# 4.2: Chemical Equations and Stoichiometry


$C_6H_{12}O_6 (s) + 6 O_2 (g) \rightarrow 6 CO_2 (g) + 6 H_2O (l) \label{4.2.1}$

Just before a chemistry exam, suppose a friend reminds you that glucose is the major fuel used by the human brain. You therefore decide to eat a candy bar to make sure that your brain does not run out of energy during the exam (even though there is no direct evidence that consumption of candy bars improves performance on chemistry exams). If a typical 2 oz candy bar contains the equivalent of 45.3 g of glucose and the glucose is completely converted to carbon dioxide during the exam, how many grams of carbon dioxide will you produce and exhale into the exam room?

The initial step in solving a problem of this type is to write the balanced chemical equation for the reaction.
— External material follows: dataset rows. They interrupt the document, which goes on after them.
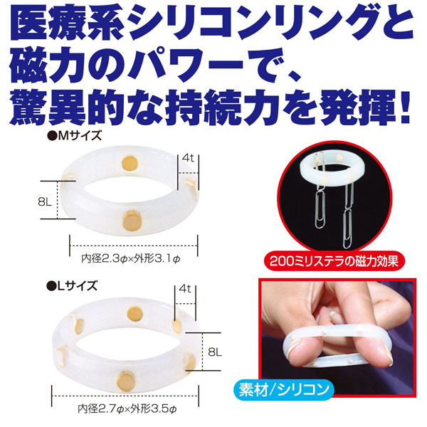医療系シリコンリングの中に複数のマグネットが納められたリングです。男性自身のくびれと根元に装着すると、薄いシリコンを通して200ミリテスラの磁力が。
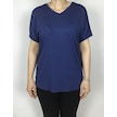 Kısa Kol V Yaka Likralı Düz Penye Bluz Mavi
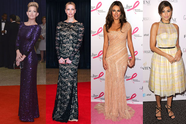 This is how you do 46! The British beauty rocked an extremely flattering gown at The Hot Pink Party in New York. She looked radiant in this embellished blush Jack Guisso Couture gown paired with a glimmering clutch and Tresor rose quartz earrings. Way to go Liz!

Inspection shows that it is balanced as written, so the strategy outlined in , can be adapted as follows:

1. Use the molar mass of glucose (to one decimal place, 180.2 g/mol) to determine the number of moles of glucose in the candy bar:

$moles \, glucose = 45.3 \, g \, glucose \times {1 \, mol \, glucose \over 180.2 \, g \, glucose } = 0.251 \, mol \, glucose$

2. According to the balanced chemical equation, 6 mol of CO2 is produced per mole of glucose; the mole ratio of CO2 to glucose is therefore 6:1. The number of moles of CO2 produced is thus

$moles \, CO_2 = mol \, glucose \times {6 \, mol \, CO_2 \over 1 \, mol \, glucose }$

$= 0.251 \, mol \, glucose \times {6 \, mol \, CO_2 \over 1 \, mol \, glucose }$

$= 1.51 \, mol \, CO_2$

3. Use the molar mass of CO2 (44.010 g/mol) to calculate the mass of CO2 corresponding to 1.51 mol of CO2:

$mass\, of\, CO_2 = 1.51 \, mol \, CO_2 \times {44.010 \, g \, CO_2 \over 1 \, mol \, CO_2} = 66.5 \, g \, CO_2$

$45.3 \, g \, glucose \times {1 \, mol \, glucose \over 180.2 \, g \, glucose} \times {6 \, mol \, CO_2 \over 1 \, mol \, glucose} \times {44.010 \, g \, CO_2 \over 1 \, mol \, CO_2} = 66.4 \, g \, CO_2$

Discrepancies between the two values are attributed to rounding errors resulting from using stepwise calculations in steps 1–3. (For more information about rounding and significant digits, see Essential Skills 1 in , .) This amount of gaseous carbon dioxide occupies an enormous volume—more than 33 L. Similar methods can be used to calculate the amount of oxygen consumed or the amount of water produced.

The balanced chemical equation was used to calculate the mass of product that is formed from a certain amount of reactant. It can also be used to determine the masses of reactants that are necessary to form a certain amount of product or, as shown in Example 11, the mass of one reactant that is required to consume a given mass of another reactant.

Quantitative calculations that involve the stoichiometry of reactions in solution use volumes of solutions of known concentration instead of masses of reactants or products. The coefficients in the balanced chemical equation tell how many moles of reactants are needed and how many moles of product can be produced.